Ainsi, avec Mannick, tout vient, comme souvent, de l’enfance et d’un long silence… « Car moi aussi, je venais du fond de mon enfance. Et je venais de loin ! D’une enfance qui s’était fracassée contre la dureté de la vie, la vie des adultes », relate d’entrée de jeu notre autrice. Une vie familiale sans les gestes d’affection du père, seulement ses colères et les pleurs de sa mère. Elle aurait tant désiré une vie où elle n’aurait plus peur… Une vie familiale « hors norme » donc, mais où rien ne doit transparaître à l’extérieur. Alors, Christiane fera pareil au-dedans : « Cadenassée… Pas de larmes… Le silence… »

Avant de le rompre avec celui qu’elle rencontrera au scoutisme. C’est l’étincelle immédiate, mais discrète encore. Elle étudiante en médecine, âgée de vingt-deux ans. Lui, âgé de vingt-sept ans, ordonné prêtre voici à peine un an. « Je me confiai à toi. Tu compris tout : ce que je te dis et ce que je ne pus te dire, n’arrivant pas à le formuler… » Après l’amitié naissante et la confiance installée, après la mort du père, l’amour réciproque se déclare et la vie « commune » se fait évidence.

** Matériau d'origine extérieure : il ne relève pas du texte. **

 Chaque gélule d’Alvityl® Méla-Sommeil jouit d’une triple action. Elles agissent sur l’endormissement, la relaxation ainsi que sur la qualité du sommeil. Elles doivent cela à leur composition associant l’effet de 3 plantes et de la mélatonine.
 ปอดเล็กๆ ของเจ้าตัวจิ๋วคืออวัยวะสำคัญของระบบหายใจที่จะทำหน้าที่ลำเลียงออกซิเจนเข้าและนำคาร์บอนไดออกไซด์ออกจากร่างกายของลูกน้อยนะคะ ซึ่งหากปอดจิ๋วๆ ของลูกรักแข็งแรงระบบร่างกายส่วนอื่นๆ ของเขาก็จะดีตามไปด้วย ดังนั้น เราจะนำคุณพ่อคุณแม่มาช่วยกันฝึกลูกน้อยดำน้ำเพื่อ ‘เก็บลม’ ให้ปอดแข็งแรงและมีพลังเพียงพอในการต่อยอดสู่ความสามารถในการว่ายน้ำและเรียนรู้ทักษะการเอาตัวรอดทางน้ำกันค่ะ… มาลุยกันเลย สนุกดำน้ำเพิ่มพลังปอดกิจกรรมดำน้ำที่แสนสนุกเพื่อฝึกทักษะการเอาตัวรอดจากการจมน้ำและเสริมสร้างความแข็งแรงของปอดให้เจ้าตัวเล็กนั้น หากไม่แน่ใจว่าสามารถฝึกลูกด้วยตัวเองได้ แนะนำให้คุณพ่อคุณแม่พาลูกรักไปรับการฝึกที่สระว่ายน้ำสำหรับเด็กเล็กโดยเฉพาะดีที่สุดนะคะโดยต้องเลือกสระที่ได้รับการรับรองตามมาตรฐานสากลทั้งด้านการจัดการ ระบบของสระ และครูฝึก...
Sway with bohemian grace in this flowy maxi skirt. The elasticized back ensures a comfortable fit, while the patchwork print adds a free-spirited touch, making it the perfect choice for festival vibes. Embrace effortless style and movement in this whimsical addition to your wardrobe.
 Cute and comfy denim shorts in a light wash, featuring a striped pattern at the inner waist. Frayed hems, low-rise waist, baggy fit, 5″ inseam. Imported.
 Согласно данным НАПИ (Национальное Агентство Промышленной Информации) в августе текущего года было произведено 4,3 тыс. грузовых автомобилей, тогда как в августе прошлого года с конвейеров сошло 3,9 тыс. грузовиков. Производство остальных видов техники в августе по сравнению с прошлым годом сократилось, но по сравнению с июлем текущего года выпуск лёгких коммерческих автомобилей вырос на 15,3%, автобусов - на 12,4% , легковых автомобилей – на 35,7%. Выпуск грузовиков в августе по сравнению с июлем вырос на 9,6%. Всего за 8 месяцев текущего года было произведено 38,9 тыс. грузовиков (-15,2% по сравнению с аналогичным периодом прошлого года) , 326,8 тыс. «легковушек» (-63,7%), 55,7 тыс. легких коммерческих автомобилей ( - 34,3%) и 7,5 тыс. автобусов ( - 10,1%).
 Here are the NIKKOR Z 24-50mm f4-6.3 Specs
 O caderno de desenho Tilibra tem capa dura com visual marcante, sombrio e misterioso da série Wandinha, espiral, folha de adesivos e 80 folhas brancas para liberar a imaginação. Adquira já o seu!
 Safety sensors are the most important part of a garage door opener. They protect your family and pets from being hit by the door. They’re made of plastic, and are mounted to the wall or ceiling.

« Je ne connaissais rien de l’amour. J’en eus à cet instant la révélation fulgurante et éblouissante, mais qui me laissa interdite et bouleversée. » Elle avait rêvé de couple, d’enfant, de vie de famille. Et lui, de son côté, ne pouvait plus concevoir sa vie sans elle, ni sans pouvoir exercer son sacerdoce en annonçant le Jésus de l’Évangile. Situation déchirante, dilemme « entre sacerdoce et mariage ». Mais il était clair qu’il leur était impossible de poursuivre leur route comme si de rien n’avait été. C’eût été « folie destructrice »…

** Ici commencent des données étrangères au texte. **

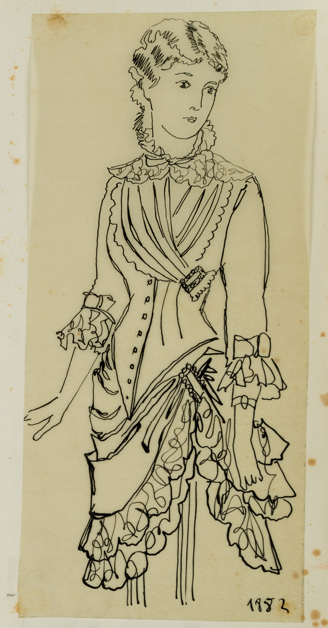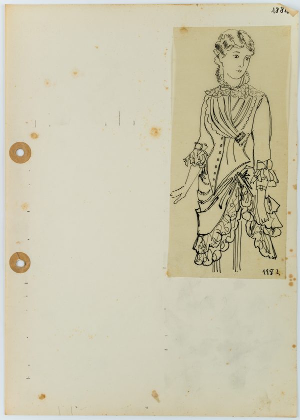 Fashion study of an elegantly dressed lady. She is dressed entirely in the manner of the late 19th century. The tightly cut top with rich ornamentation and a lace collar is followed by a wide skirt. The dress with lap parts features flounces and jewelled clasps at the hems, further emphasising the tight cut of the dress at the waist.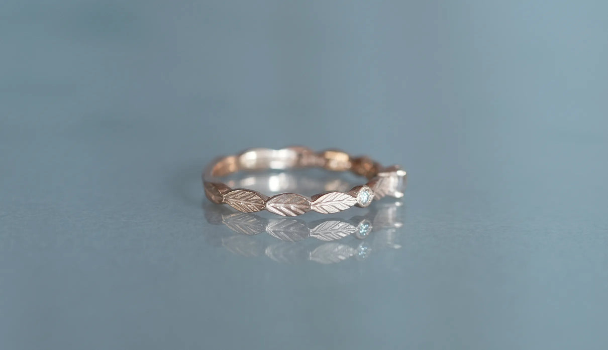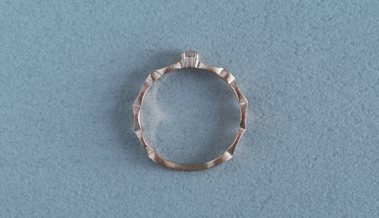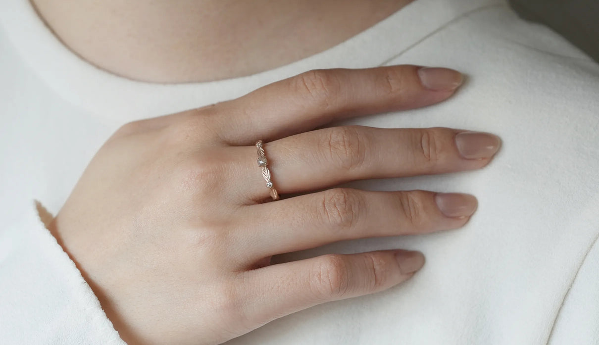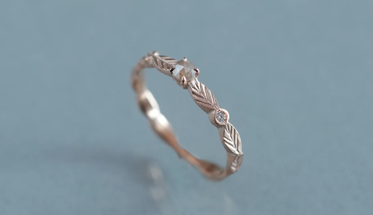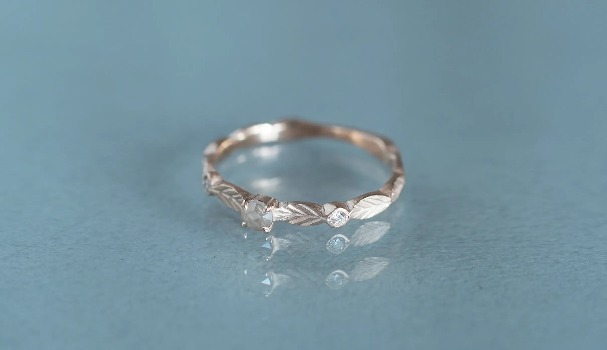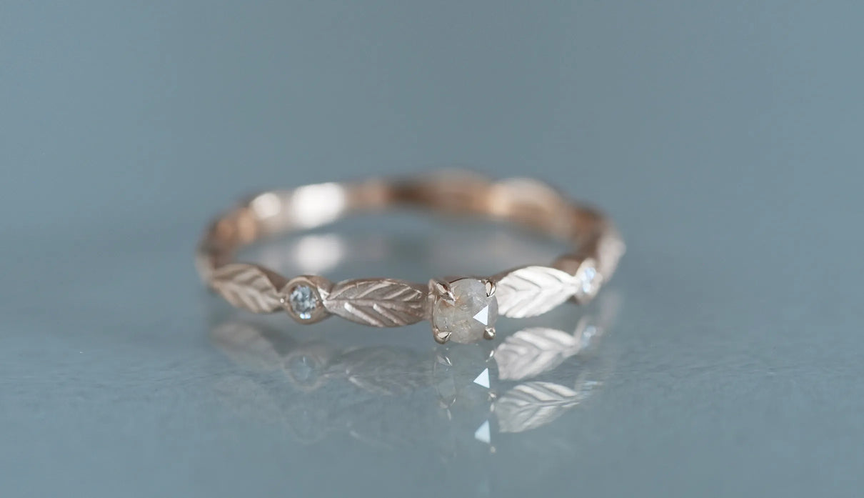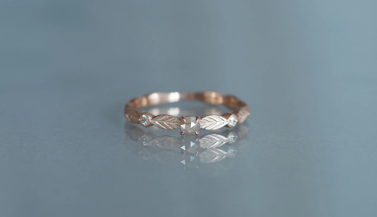 開花の季節を待つ小さな蕾をモチーフにした "Bloom" の中央に、やわらかなアイスカラーダイヤモンドを留めた一点もののリング。K18ピンクゴールドと溶け合うような、ほのかに色づくアイスカラーのダイヤモンドは、乳白色の中に赤褐色の内包物を秘め、淡く奥行きのある輝きを湛えています。1枚1枚わずかに異なる表情の葉にはマットテクスチャーを施し、柔らかな印象に仕立てました。アーム左右の葉の間に留めた、小さな蕾に見立てた2石のメレダイヤモンドがさりげなくアクセントとなり、繊細ながらも手元を華やかに彩ります。大切な方への贈り物にも最適な一点です。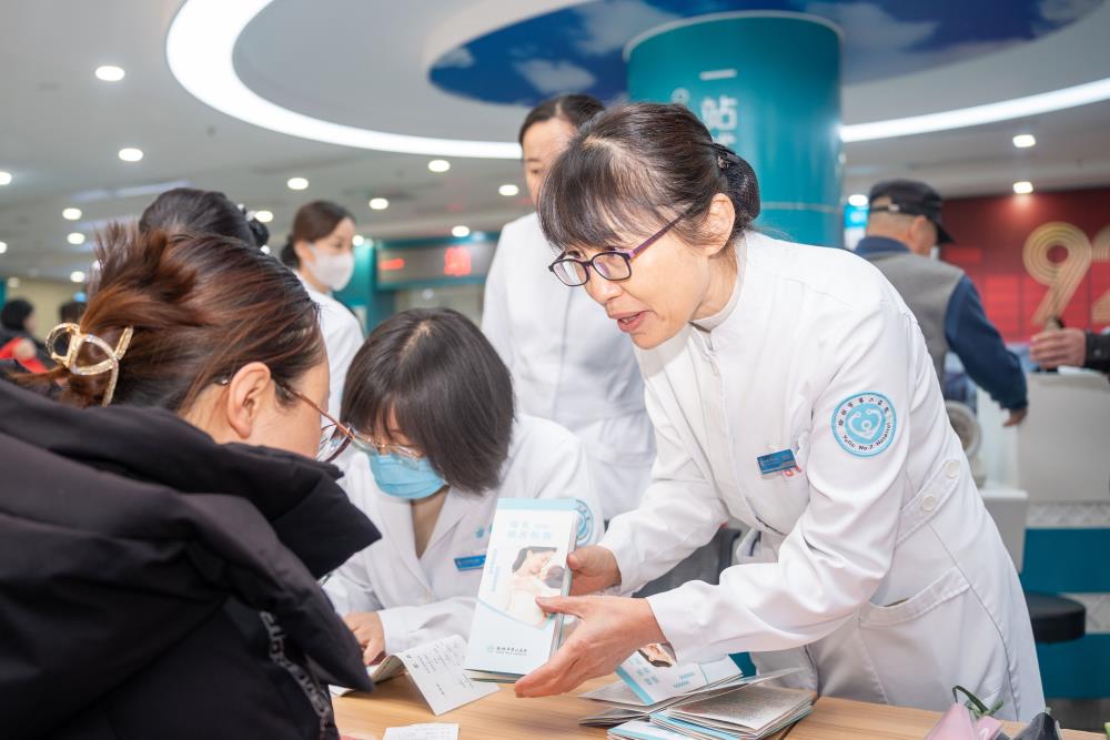 妇科郭玉琳主任、贺锦丽副护士长,产科刘继梅副主任、姜小菊护士长,内分泌科李兴梅副主任、师福香护士长,皮肤科王应权主任、马彬溪医生、慕玉萍医生在门诊大厅一楼开展健康科普及义诊活动,为妇女群众提供检查报告解读、用药指导建议、疾病答疑等健康服务,引导妇女树立健康观念,培养健康行为,提高身体素养。

Nous étions alors à la fin des années 1970, début des années 1980, après le concile Vatican II. Alors germe chez tant de croyants l’espoir d’un changement. La parole se libère, des prêtres quittent le sacerdoce pour vivre au grand jour leur liaison cachée. Leur souffrance est évoquée dans des lieux d’ouverture, de même que le sexisme dans l’Église, les dogmes et principes immuables refusant toute évolution… Parmi ces lieux d’ouverture : « Femmes et Hommes dans l’Église », dont le but était d’œuvrer pour la parité dans l’Église et la fin de la domination masculine. C’est que l’espoir fait vivre, l’espoir d’un changement qui permettrait aussi de vivre son amour au grand jour. Mais, rien ne bougeait…

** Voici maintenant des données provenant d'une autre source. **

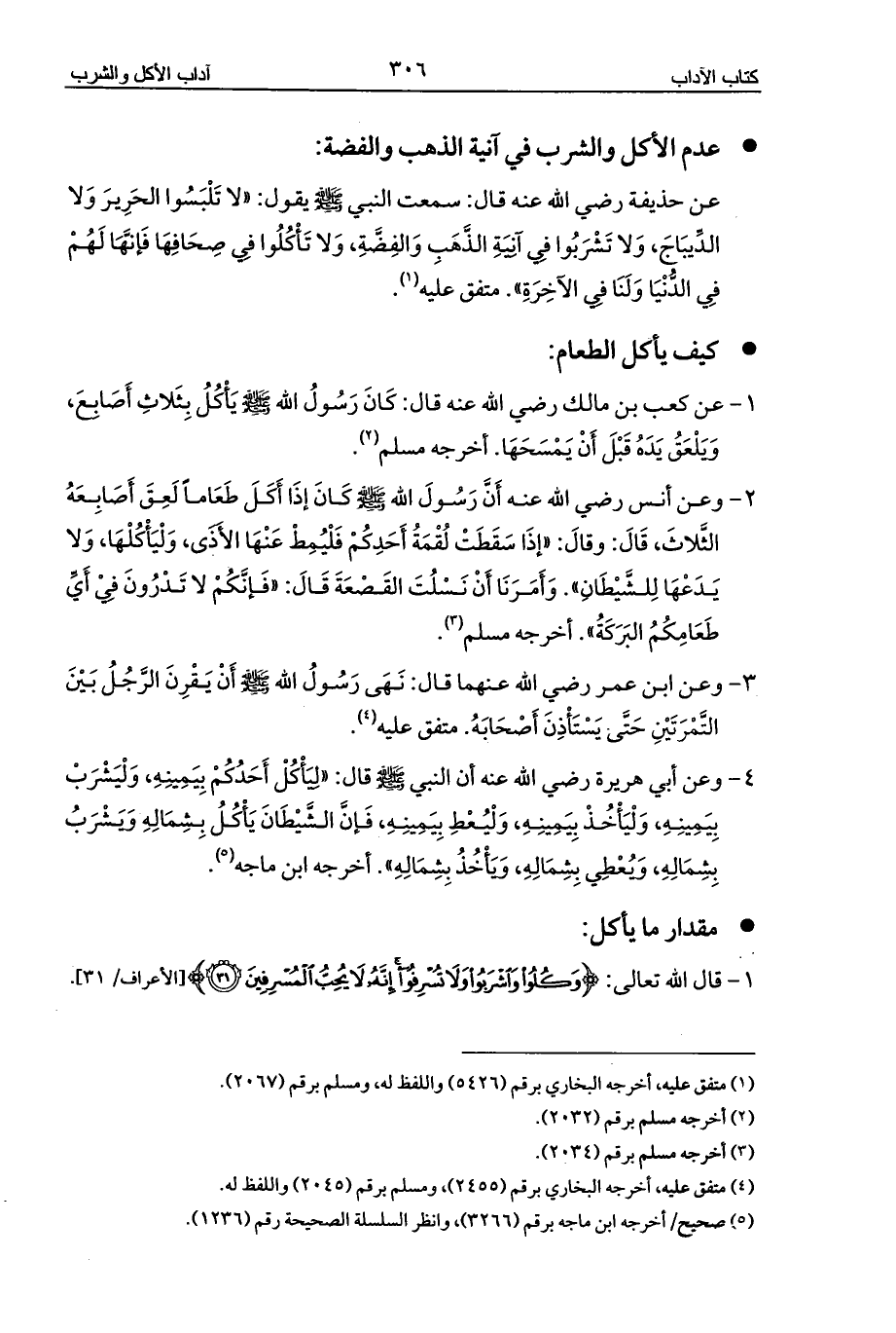 4 - وعن أبي هريرة رضي الله عنه أن النبي - صلى الله عليه وسلم - قال: «لِيَأْكُلْ أَحَدُكُمْ بِيَمِينِهِ، وَلْيَشْرَبْ بِيَمِينِهِ، وَلْيَأْخُذْ بِيَمِينِهِ، وَلْيُعْطِ بِيَمِينِهِ، فَإنَّ الشَّيْطَانَ يَأْكُلُ بِشِمَالِهِ وَيَشْرَبُ بِشِمَالِهِ، وَيُعْطِي بِشِمَالِهِ، وَيَأْخُذُ بِشِمَالِهِ». أخرجه ابن ماجه (¬5).

Alors, Christina Vika perd tout espoir de changement et, dans la douleur et la révolte, finit par accepter que sa vie commune demeure cachée… jusqu’au temps de la future retraite. Alors commença « une route d’ombre et de lumière », sur laquelle il fallut avancer pas à pas. Affronter et assumer d’abord la clandestinité, malgré les parents, amis communs et paroissiens. Mais, peu à peu, le cœur et le corps se libèrent, jusqu’à l’union charnelle. Cet amour ne supprima pas la souffrance, mais leur donna « la force de la vivre et… la joie par surcroît… » Et elle de lui demander : « Lorsque je ne suis pas avec toi, quand penses-tu à moi ? » Sa réponse, pleine de tendresse : « Tout le temps… » Et d’ajouter : « Tu es ce que j’ai de plus cher au monde… » Un amour vrai, fait de réciprocité.

« Quand on a que l’amour », chantait Brel. Et, entre deux séparations, la joie extraordinaire de l’attente. Cette attente fiévreuse des retrouvailles. Et ces lieux de prédilections où se retrouver libres, ensembles, à l’abri des regards. « Ces haltes qui furent des temps bénis… » Où le cœur danse, et le corps suit. Et cette joie explosive, qui irradie les uns et les autres sur son passage. Comme cet homme, artiste peintre, qui dira au détour d’une conversation : « Vous êtes beaux tous les deux… » Votre couple irradiait… France, Italie, Autriche… Vous voyagèrent, de rencontre en rencontre, de petits bonheurs en petits bonheurs… Sans oublier ce lieu magique pour vous, délicieusement enfantin et libérateur : Disneyland Paris. Avant le retour et l’arrachement, recouverts d’un douloureux silence.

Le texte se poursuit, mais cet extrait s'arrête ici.